I have had my fill of transposition bugs where someone accidentally uses the wrong int on a pk id from a different table and still gets a valid but random result that passes a foreign key check almost enough for me to want to use guid's for pk's almost. At least with the coded values it is easier to spot because even with single character code people tend to pick things that make sense for the column values you know 'P' for pending, 'C' for complete etc, vs 1 2 3 4 used over and over across every different column with an auto increment.

1 comments

> Come on its literally...

You're the one saying a 2 character string is somehow a space savings. If we're going to split hairs that finely then you have to know that any row with a variable length string makes the entire row/index variable length and that is a net storage and performance loss. It's worse in every way than a simple integer. I will admit that it ultimately doesn't matter. But I'd also argue using an nvarchar in place of varchar for this also doesn't matter. It's not just premature optimization it's practically useless optimization.

> Because it doesn't matter, 'NY' isn't changing just like 11 the int wouldn't change, but 'NY

That's not what happens but what happens is that somebody renames New York to New Eburacum and now your code doesn't match the value and it just adds more confusion.

But I'll grant you that it's totally fine. It's even more fine if you don't use varchar and instead use char(x).

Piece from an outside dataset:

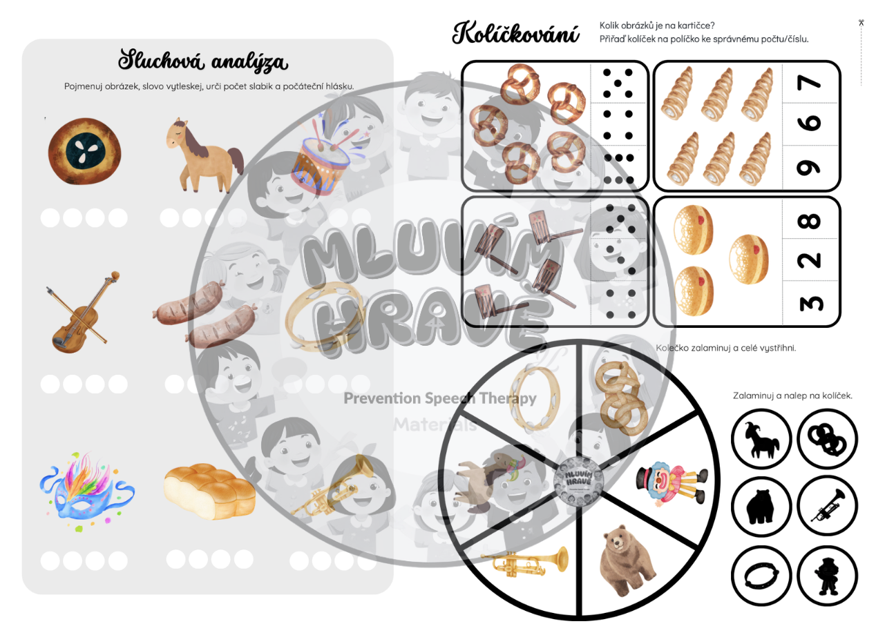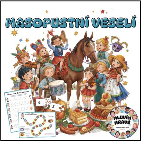 Soubor deseti hravých aktivit s tematikou MASOPUSTU je zaměřen na komplexní rozvoj dítěte prostřednictvím přirozené hry. Jednotlivé činnosti podporují rozvoj celé řady klíčových oblastí důležitých pro předškolní a mladší školní věk. Aktivity konkrétně procvičují spoustu dovedností, jako je jemná motorika, grafomotorika, motorika mluvidel, zraková analýza, sluchové vnímání, matematické představy, slovní zásoba a prostorová orientace.

>You're the one saying a 2 character string is somehow a space savings. If we're going to split hairs that finely then you have to know that any row with a variable length string makes the entire row/index variable length and that is a net storage and performance loss.

The row is always variable lengths as a structure it has flags noting how many columns there are with values and if there is a variable length section or not, only rows with no variable length fields at all has no variable length section and that is a bit flag check in the header.

You are making a non argument, variable length fields can be a space savings over an int with single char codes which is very common, and do not impact performance in any meaningful way. Besides that one could use fixed length chars and still get the other benefits I mentioned while having the same exact space usage and processing as a fixed length ints.

>That's not what happens but what happens is that somebody renames New York to New Eburacum

Changing the descriptive meaning of an entry causes all sorts of problems and even more so if it is a int because it's completely opaque its much harder to see an issue in the system because everything is a bunch of ints that do not correlate in any way to their meaning.

Changing the description to something that has the same meaning worded differently is usually not an issue and still gives good debug visibility to the value. If you and your users consider New Eburacum synonymous with New York, then having the code stay 'NY' should not be an issue and still be obvious when querying the data.

Unless someone is using the short code in a user visible way and it has to be updated. State is a common one that does this and nobody is changing state names or codes because it is a common settled natural key.

In the rare situation this actually needed to be done then one can update existing data, this is a not an issue in practice. You have the be extremely cautious updating the description of a code because much data was entered under the previous description and the meaning that it carries, having the code have some human meaning makes it more obvious to maintainers this should be done with care, many times it would involve deprecating the old one and making a new one with a different code because they have different meanings, having a table instead of a enum allows other columns to have this metadata.

This is not the same issue as say using a SSN for a person ID.